▸ **Your goal**
Print, exactly and with no pictures, the line containing "MOZZARELLA, CHERRY TOMATO, AUBERGINE, BLACK" and each line after it to the end of the entries below.

═══ Data to process

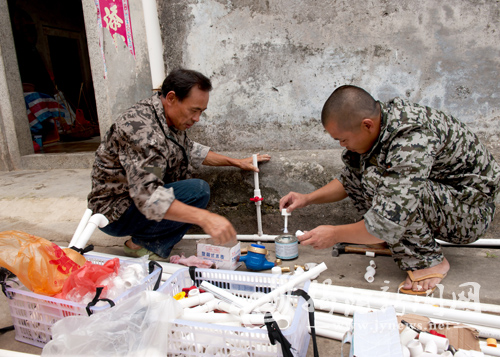 揭西县南山镇旅港乡亲杨碧军先生热心家乡公益事业,近年来已在南山镇捐资250多万元,用于修桥造路及水利设施、学校建设等。最近,杨先生又捐资20多万元,铺设7000多米的水管,使火炬村400多户村民用上自来水。杨先生的善举深受群众称赞。图为工程人员在安装供水设备。
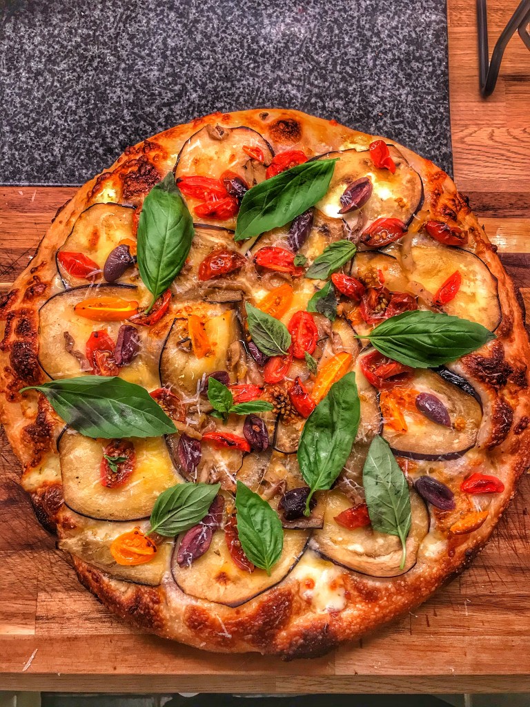 MOZZARELLA, CHERRY TOMATO, AUBERGINE, BLACK OLIVE, BASIL
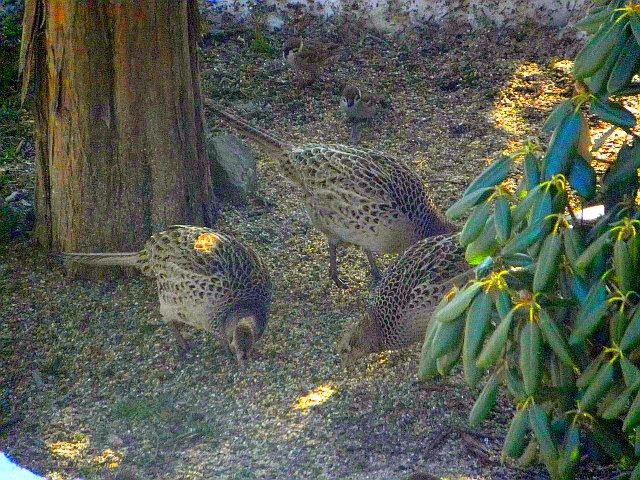 それにしても木の中のスズメは騒がしい。キジ3羽は食後、中庭の地面のくぼみや低木の下などで、うまく保護色で体を隠して毛づくろいなどをしている。
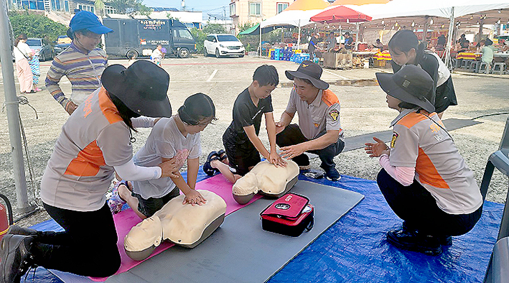제주소방서 외도119센터 의용소방대(대장 김동주·김정미)는 최근 도두오래물 광장에서 열린 오래물축제에서 지역주민과 방문객들을 대상으로 물놀이 사고 예방법, 심폐소생술 교육, 제세동기 사용법 등 소방안전체험장을 운영했다.
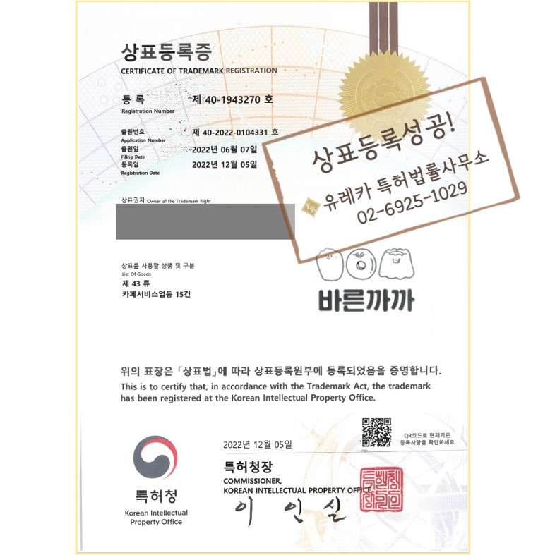 합성첨가제가 안들어간 건강 디저트류 카페업 "(logo)바른까까" 유레카에서 상표등록 완료!
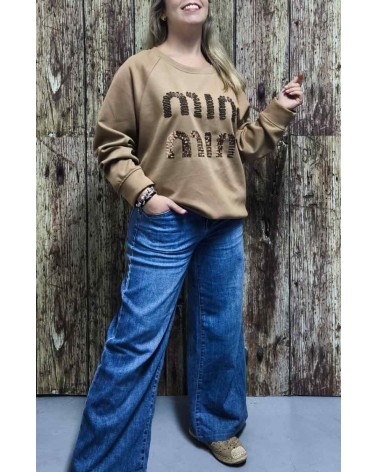 Sudadera de mujer en tono liso. Escote redondo. Mangas ranglan. Detalle en la parte delantera bordado y con lentejuelas. Un básico con mucho estilo para combinar con tus jeans.

══════

▸ **Response**
 MOZZARELLA, CHERRY TOMATO, AUBERGINE, BLACK OLIVE, BASIL
 それにしても木の中のスズメは騒がしい。キジ3羽は食後、中庭の地面のくぼみや低木の下などで、うまく保護色で体を隠して毛づくろいなどをしている。
제주소방서 외도119센터 의용소방대(대장 김동주·김정미)는 최근 도두오래물 광장에서 열린 오래물축제에서 지역주민과 방문객들을 대상으로 물놀이 사고 예방법, 심폐소생술 교육, 제세동기 사용법 등 소방안전체험장을 운영했다.
 합성첨가제가 안들어간 건강 디저트류 카페업 "(logo)바른까까" 유레카에서 상표등록 완료!
 Sudadera de mujer en tono liso. Escote redondo. Mangas ranglan. Detalle en la parte delantera bordado y con lentejuelas. Un básico con mucho estilo para combinar con tus jeans.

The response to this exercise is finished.